Montreal synth pop poster-boy Tiga and frequent collaborator Jesper Dahlback open proceedings here with a streamlined and stripped-down tech-house reworking that places tribal-sounding house rhythms beneath shimmering epic synths and Gahan’s soaring delayed-out soul vocals whilst squiggling acid 303s and analogue synth bleeps lifted from the original mix flit above the rhythms alongside some icily bare piano chords that reveal the goth-tinged heart lurking at the centre of the song. Alongside its vocal-less dub counterpart, it’s certainly the strongest of the ‘big room’ remixes featured here and fares far better here with its tasteful use of space than Narcotic Thrust’s barnstorming reworking, which ventures swiftly towards the nastiest regions of commercial ‘Gatecrasher’-style trance, cheese-loaded synth arpeggios in tow. Alter Ego play the wild card here with a downtempo rockist reworking that places clicking metronomic beats beneath fuzzed-out, heavily processed guitars and icily elegant synths, and in this case, the duo certainly score points for being sensitive to the original song in their approach and heightening the sense of drama, rather than simply going for a tried-and tested ‘Rocker’-style outing.
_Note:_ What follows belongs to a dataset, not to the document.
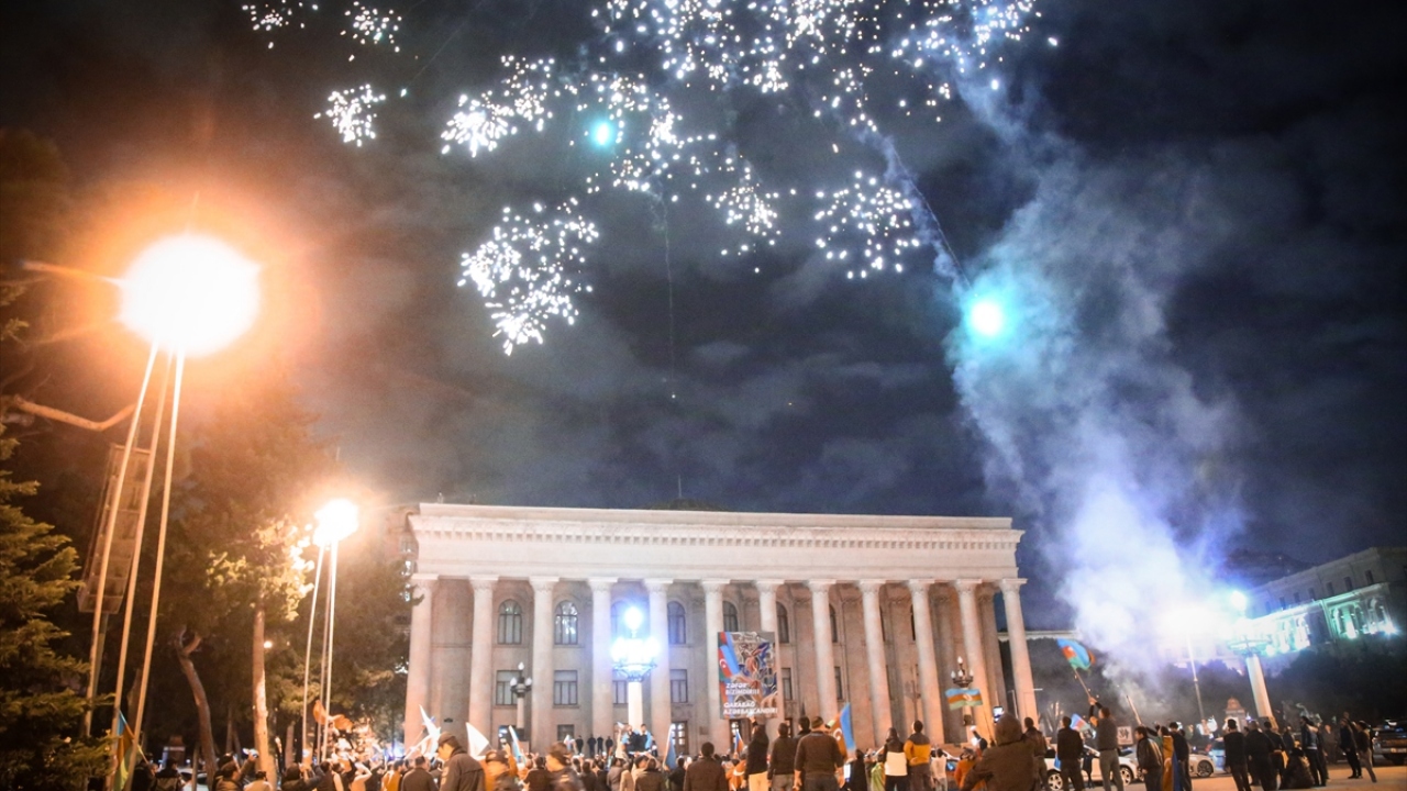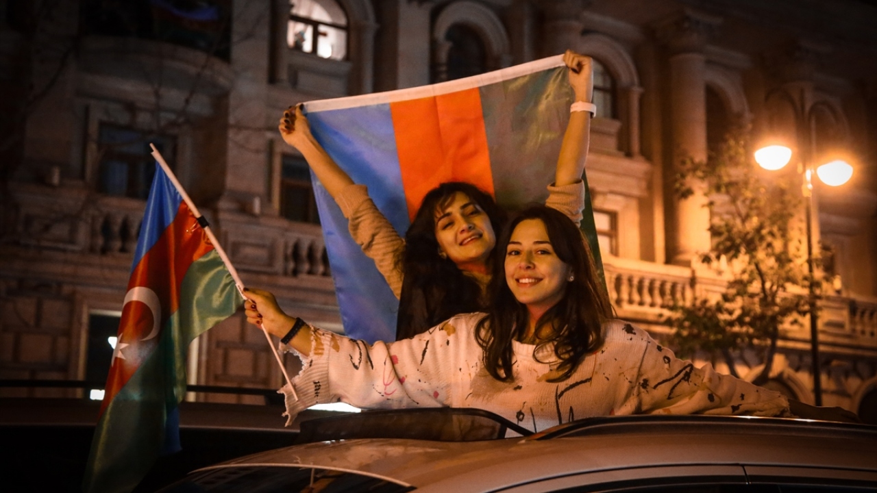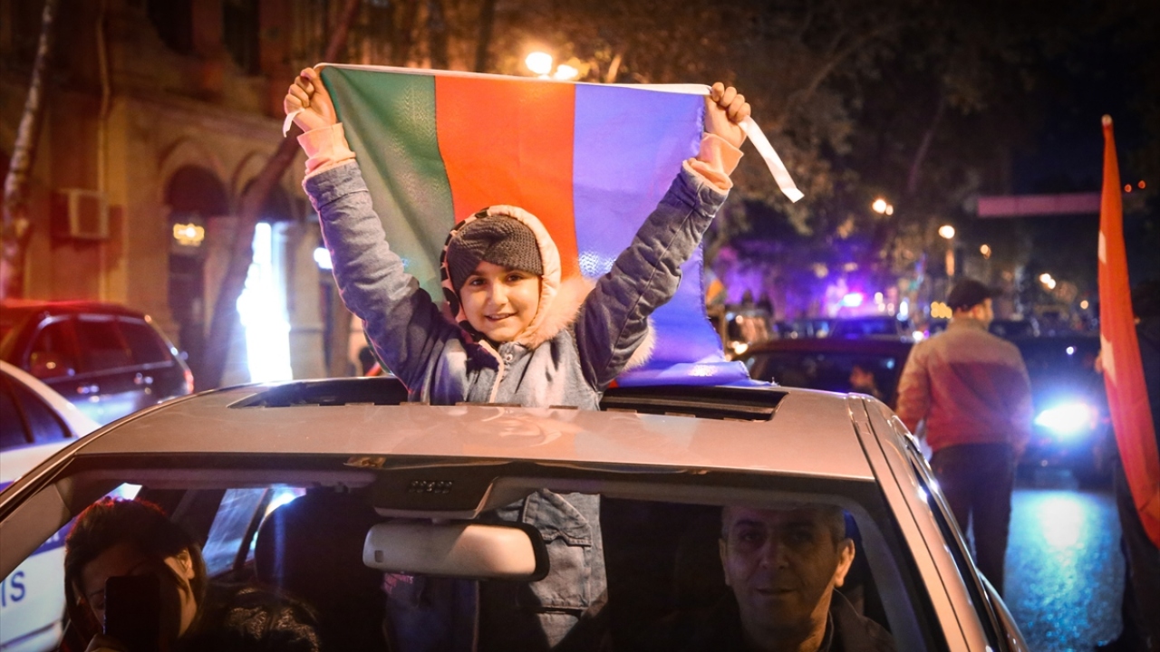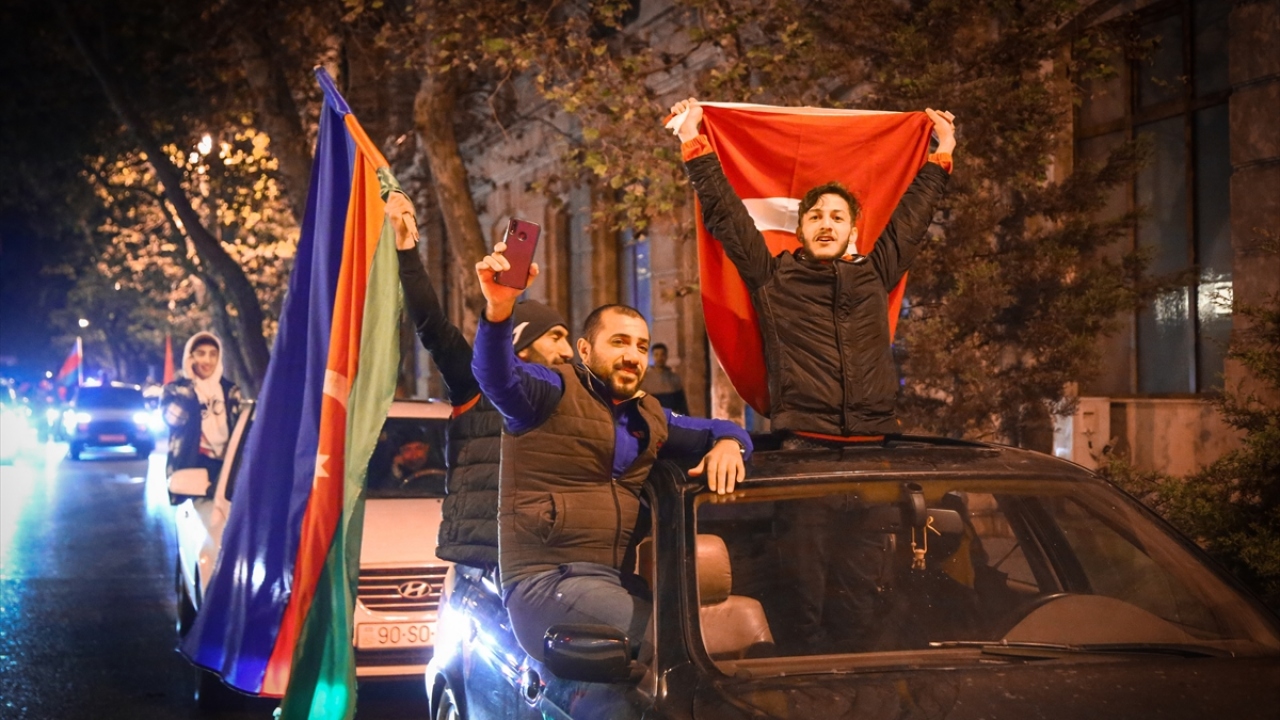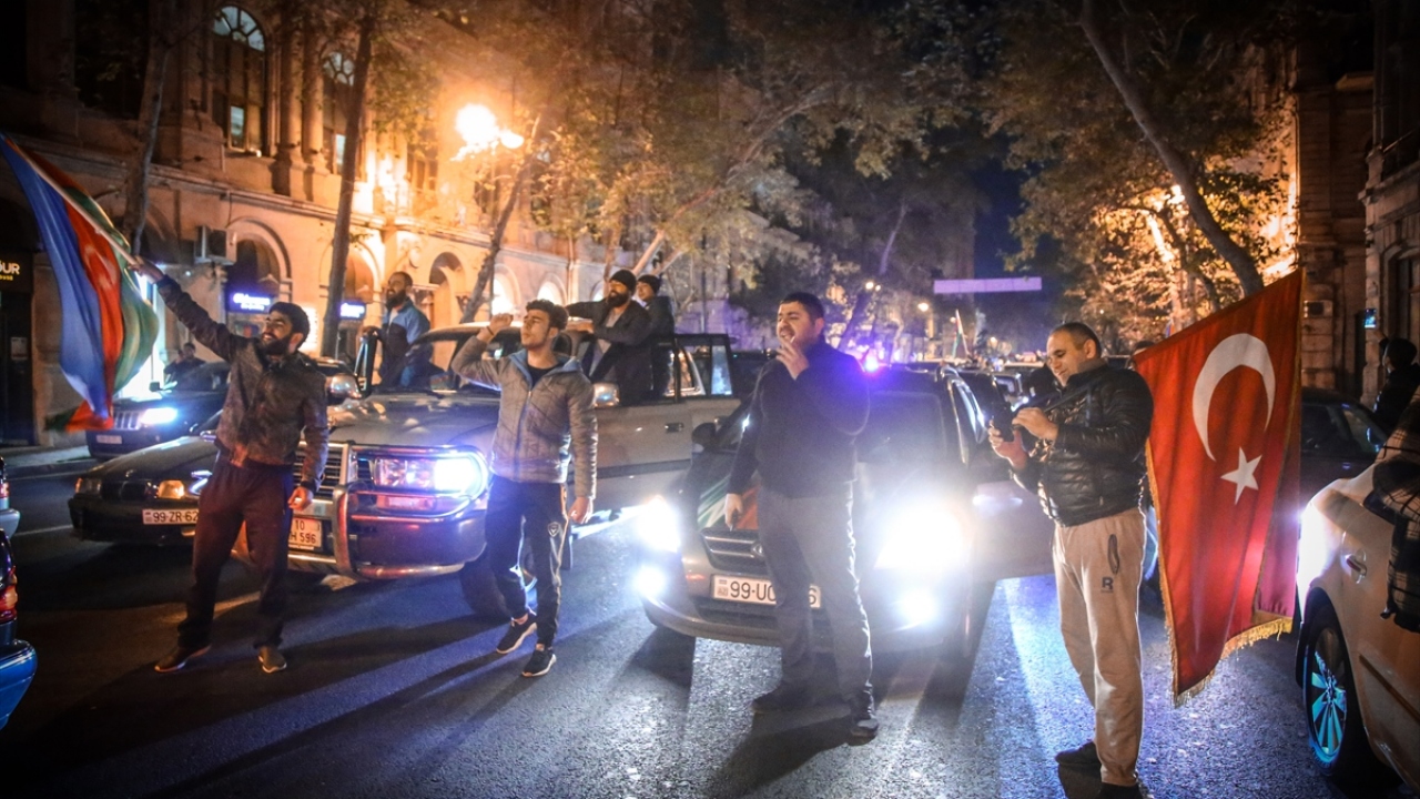 Başkent Bakü, saatin ilerlemesine rağmen coşkulu kutlamalara sahne oldu. Binlerce Bakülü ellerinde Azerbaycan ve Türk bayraklarıyla çıktıkları sokaklarda sevinç gösterisi yaptı.

Metope turn out to be the real surprise here, contributing two excellent reworkings of ‘Suffer Well’ that veer things towards the dark mechanical techno territory recently explored by Matthew Dear under his Audion alias (though there are certainly far more light shades used and even some sense of sliding electro-keyboard funk towards the end), while M83 lays on the analogue synths and reshapes the track into a glittering nocturnal prog-laden voyage that threatens to explode but never quite does, M83’s own soaring falsetto vocals adding an extra European element as retro drum machine rhythms and skittering sampled fragments roll through the mix. Finally, the slightly mysterious Basteroid rework non-album B-side ‘Better Days’ into a dark piece of rattling techno, looming sub-bass swells carving a path beneath Gahan’s doomy distorted vocals, while digitally-contorted buzzes and relentless snares hammer the speakers – happy stuff, it surely is not, but if you’re a fan of the Mode, you’re bound to be familiar with the territory.
Another strong single from the Mode’s recent ‘Playing The Angel’ album that manages to pack in a certainly extensive selection of mixes that predominantly lean towards 4/4 beats – depending on your individual tastes, you may want to sift through the various single formats that make their way out there.